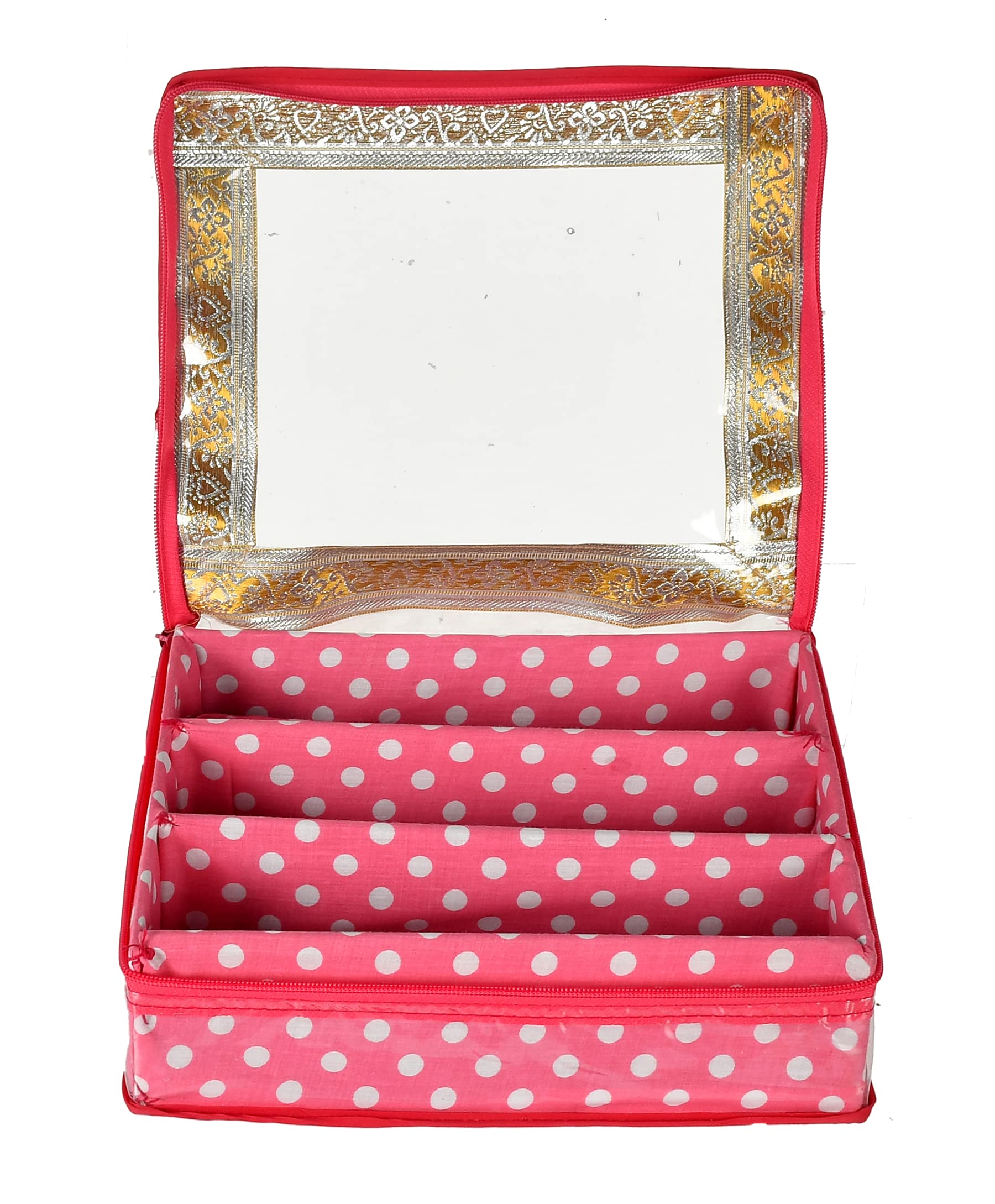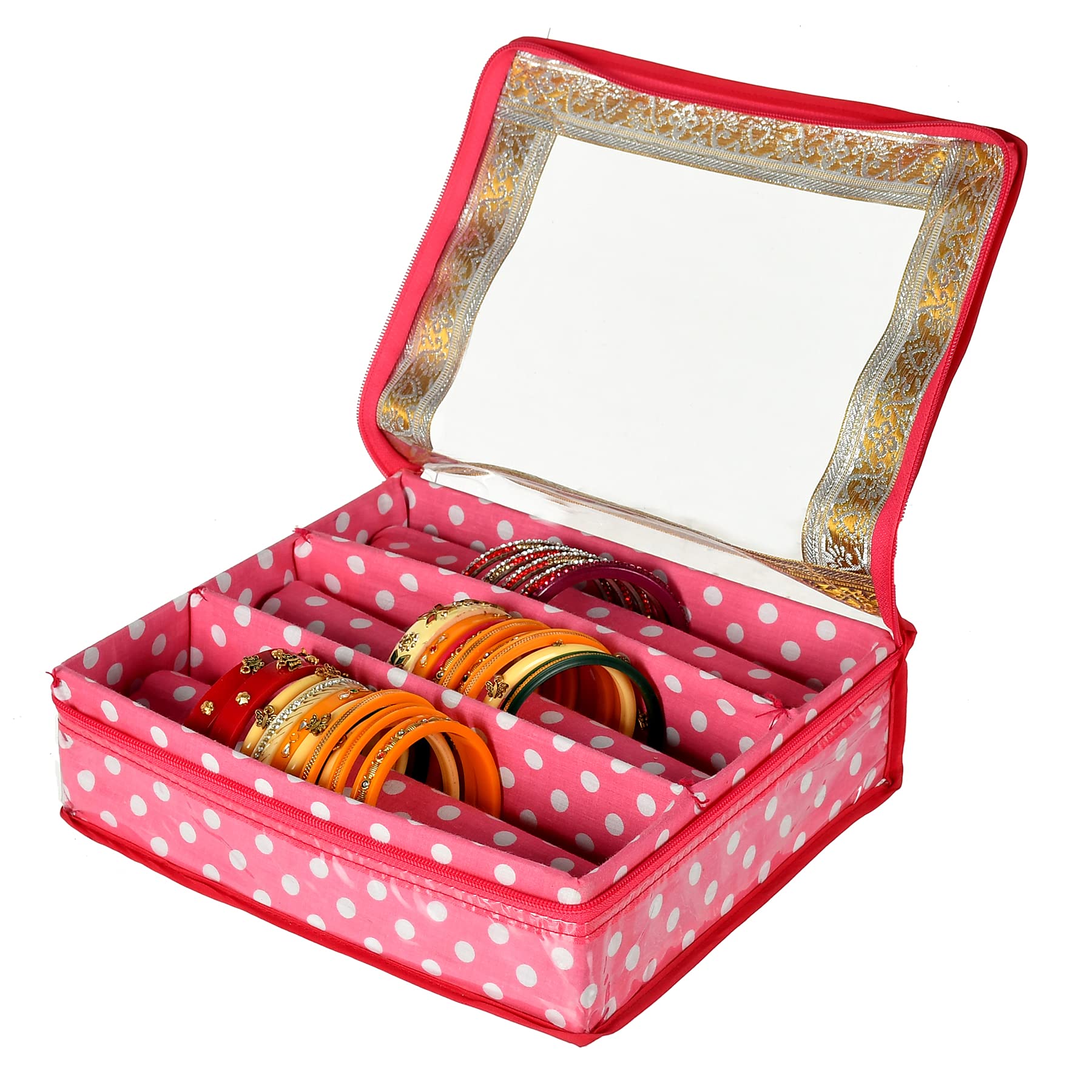 Kuber Industries Bangle box is made of good quality pvc material so, this is very durable, long-lasting and very useful. A bangle is an ageless accessory that has a special place in every woman's collection. The bangle box or a casket is a beautiful container and is mostly used to keep many high-end accessories and precious jewelry. The bangle box is a one-stop solution to all the problems. The safety of bangles is ensured as it has a high-class supportive frame that serves the purpose well. The classy bangles can be saved from any kind of vulnerability of harm or damage. It prolongs the natural shine and shimmer of the bangles that make them look like new and brings in loads of appreciation. The arranged bangle box saves you from extra efforts to save the most complimenting thing of your jewelry. It can prove to be the most beautiful gift ever if you plan to give it to your near and dear ones. The box can also be a holder of minute earpieces or very small jewelry. It prevents any loss or misplacement of any jewelry kept inside it the future use.Detailed Specifications:
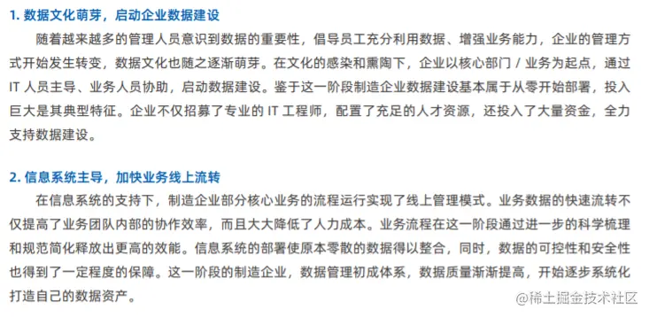 进入成熟阶段,制造企业以消除内部数据壁垒、促进生产经营效率最大化为目标,利用数字平台对所有数据资产进行统一管理和规划,减少数据建设的冗余部署。数据实现了跨部门、跨业务、跨系统的 无障碍流动,数据效能贯穿于企业日常运营、管理决策、战略制定全过程。企业甚至开始以内部数据资源为依托,向外进行能力辐射。
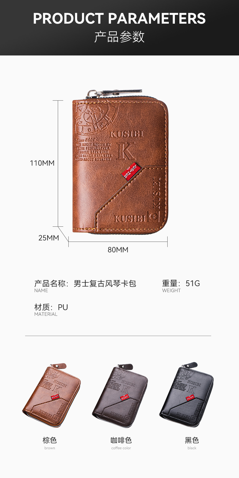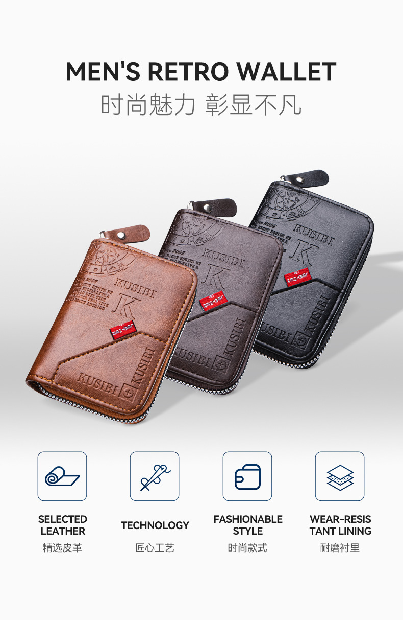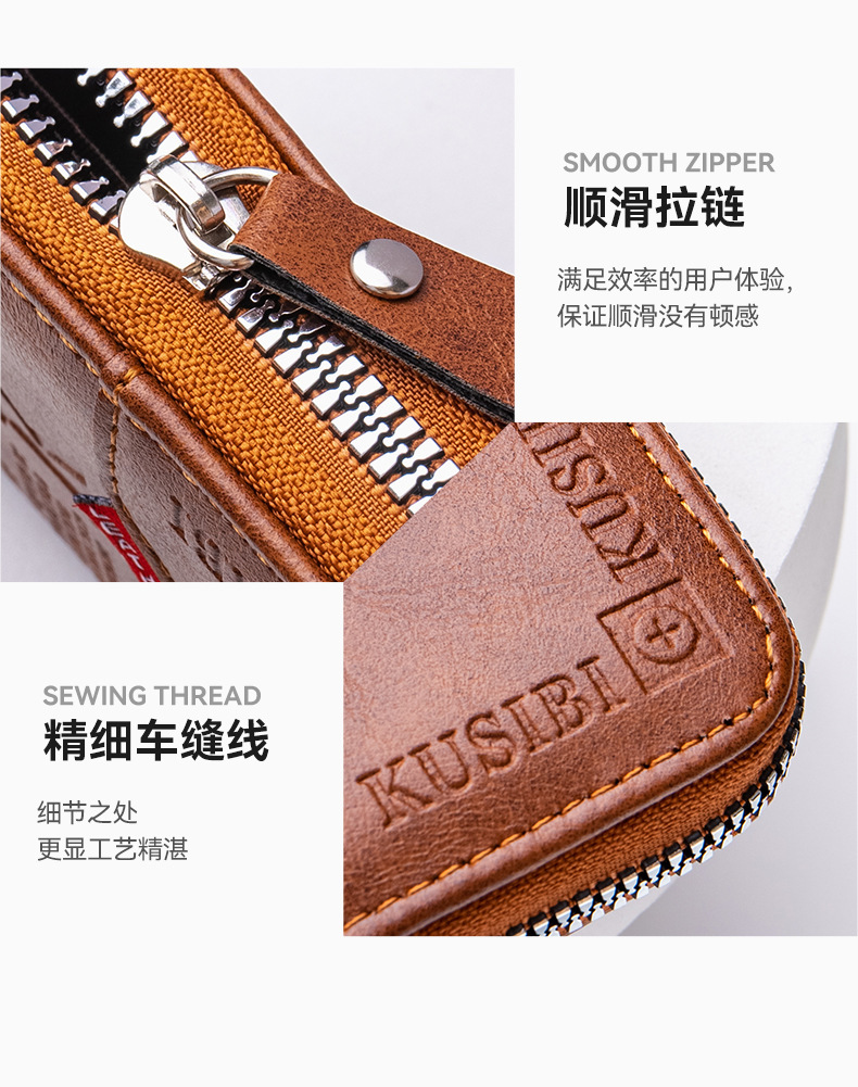 국경 간 남성 장기 카드 가방 정품 가죽 섬유 ID 가방 지퍼 레트로 한국 스타일 유행 남성 지갑스토어 가기
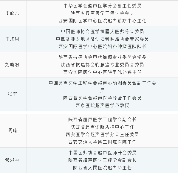 本次義診的醫(yī)護團隊陣容不僅專業(yè)面廣而且水平高,僅超聲科就聚集了西安市各大醫(yī)院的超聲科主任一起深入基層為平利的女同胞們義診。他們是:
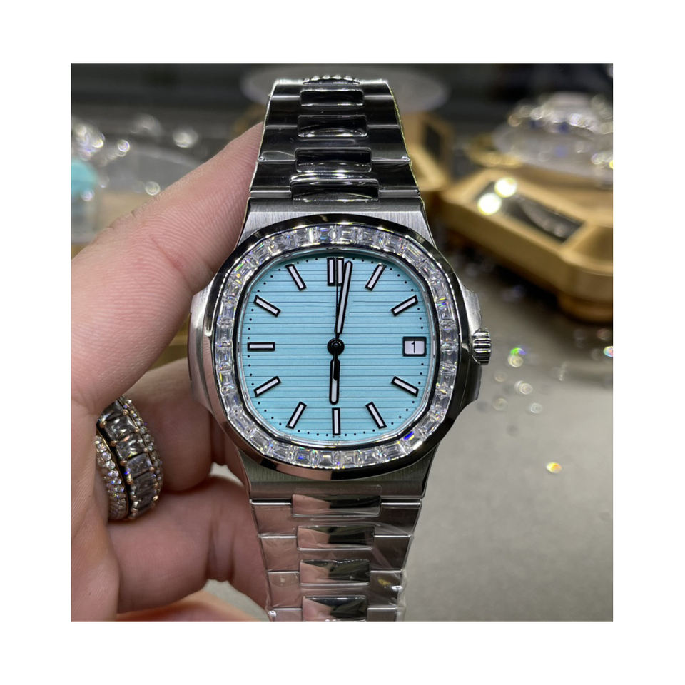 Montre automatique de luxe pour homme avec mouvement NH35, cadran style diamant et bracelet en acier inoxydable

————

_What you have to do_:
Using the records above, print exactly the lines between the ones containing "进入成熟阶段,制造企业以消除" and "本次義診的醫(yī)護團隊陣", inclusive, and nothing else; no pictures.

_Exercise result_:
 进入成熟阶段,制造企业以消除内部数据壁垒、促进生产经营效率最大化为目标,利用数字平台对所有数据资产进行统一管理和规划,减少数据建设的冗余部署。数据实现了跨部门、跨业务、跨系统的 无障碍流动,数据效能贯穿于企业日常运营、管理决策、战略制定全过程。企业甚至开始以内部数据资源为依托,向外进行能力辐射。
 국경 간 남성 장기 카드 가방 정품 가죽 섬유 ID 가방 지퍼 레트로 한국 스타일 유행 남성 지갑스토어 가기
 本次義診的醫(yī)護團隊陣容不僅專業(yè)面廣而且水平高,僅超聲科就聚集了西安市各大醫(yī)院的超聲科主任一起深入基層為平利的女同胞們義診。他們是:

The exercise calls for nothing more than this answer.